Instructions to follow:
An exact copy of the data is required; the images should not appear in it.

Source data:
• • • • •

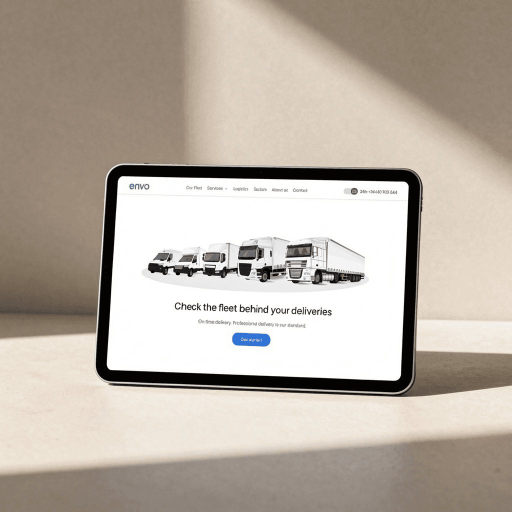 Envo.es is a fictional transport company focused on dedicated delivery services for businesses. The brand concept was developed to represent a reliable and modern logistics provider built around punctuality, communication, and operational consistency.
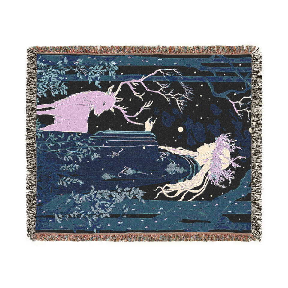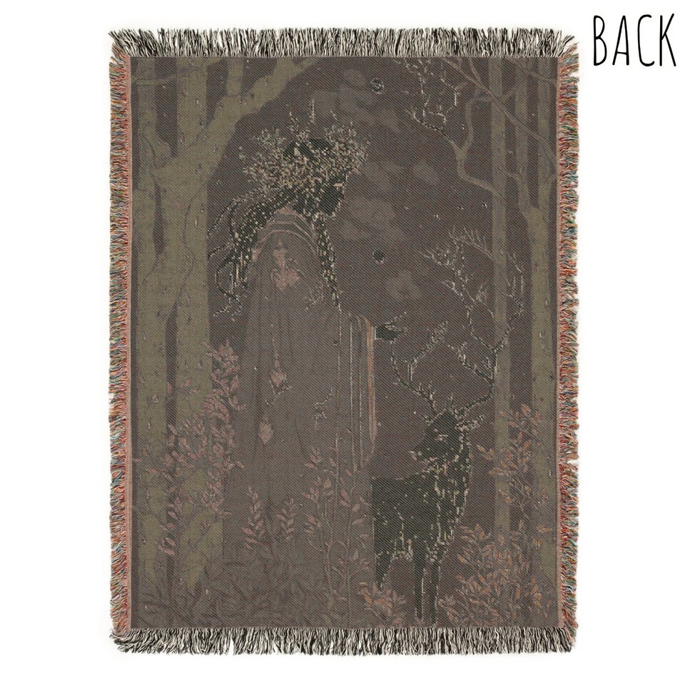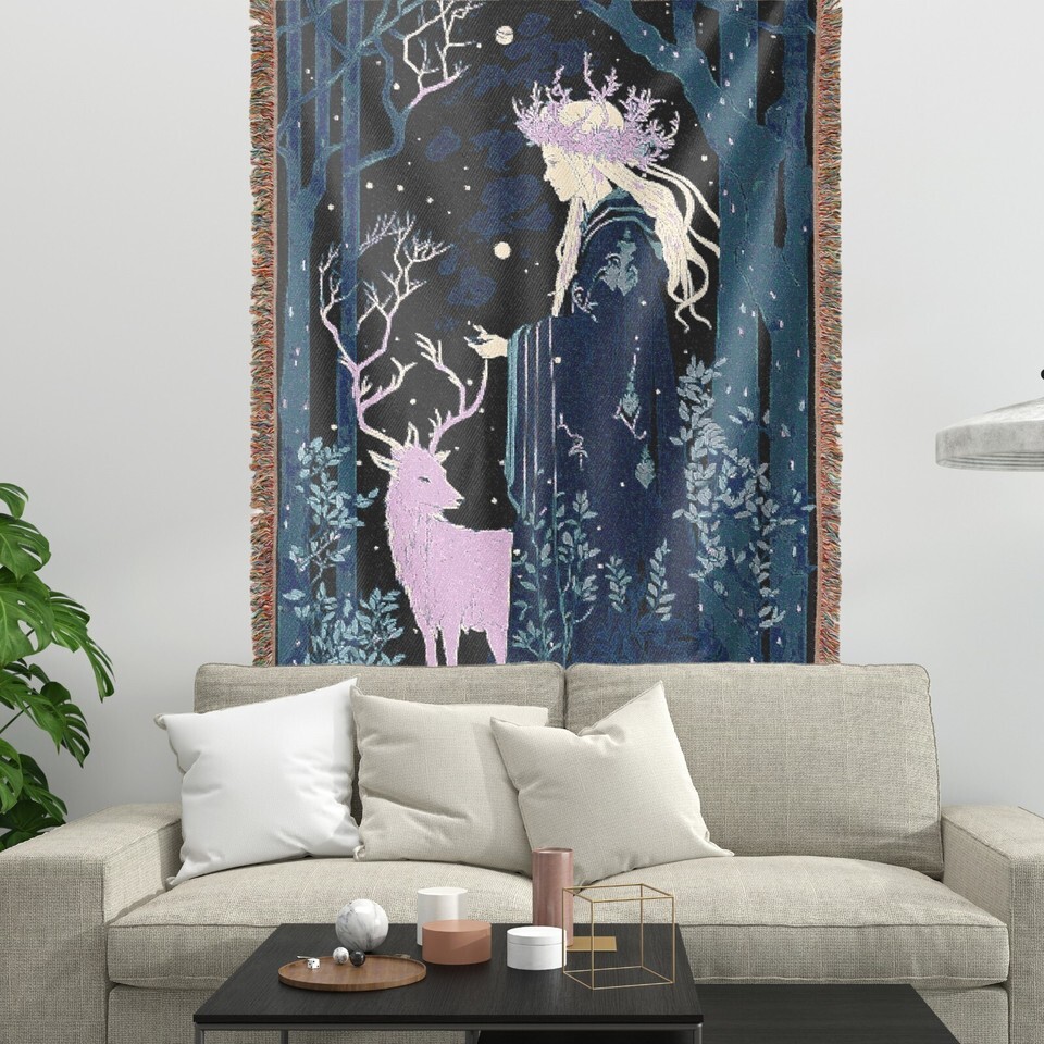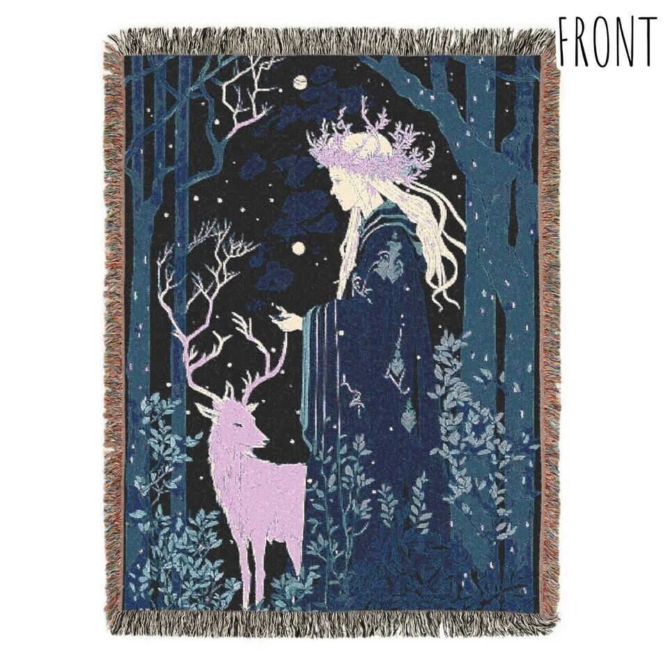 Mystic Elven Forest Woven Blanket Fantasy Deer Tapestry Throw Enchanted Decor
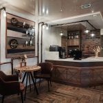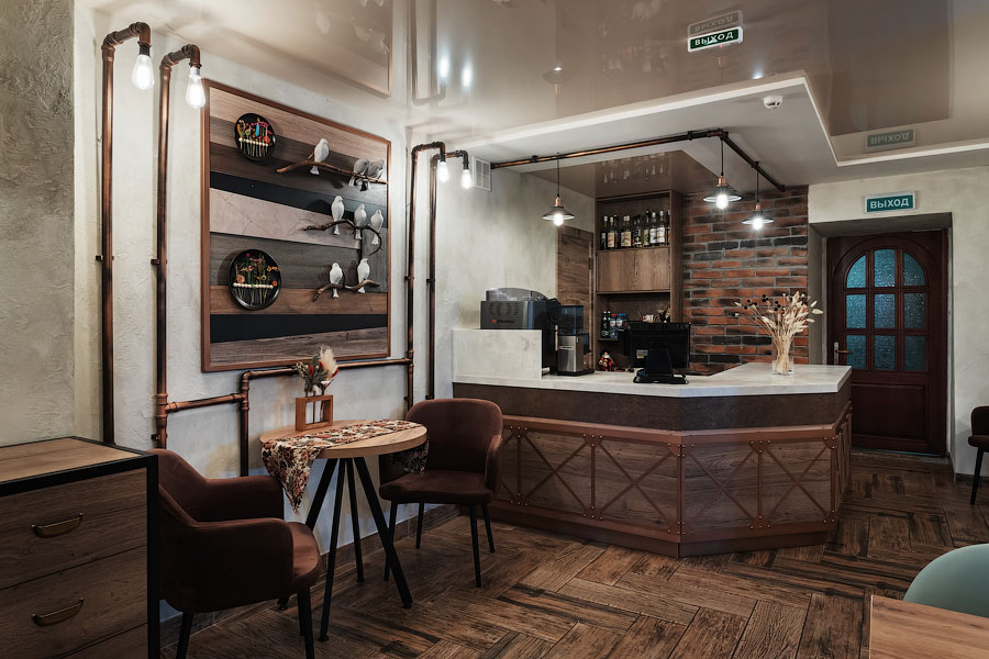 При оформлении барного зала было отдано предпочтение стилю лофт с элементами стимпанка. Из труб, пружин и шарниров создан настенный декор. Детали индустриальной эпохи смягчают деревянное панно с нежными птичками, приглушенные тона в мебели и отделке стен. Светильники под старину с лампами накаливания напоминают керосиновые лампы или свечи. В интерьере просматривается стиль ретро, но он не копирует обстановку прошлых лет.

• • • • •

Answer:
 Envo.es is a fictional transport company focused on dedicated delivery services for businesses. The brand concept was developed to represent a reliable and modern logistics provider built around punctuality, communication, and operational consistency.
 Mystic Elven Forest Woven Blanket Fantasy Deer Tapestry Throw Enchanted Decor
 При оформлении барного зала было отдано предпочтение стилю лофт с элементами стимпанка. Из труб, пружин и шарниров создан настенный декор. Детали индустриальной эпохи смягчают деревянное панно с нежными птичками, приглушенные тона в мебели и отделке стен. Светильники под старину с лампами накаливания напоминают керосиновые лампы или свечи. В интерьере просматривается стиль ретро, но он не копирует обстановку прошлых лет.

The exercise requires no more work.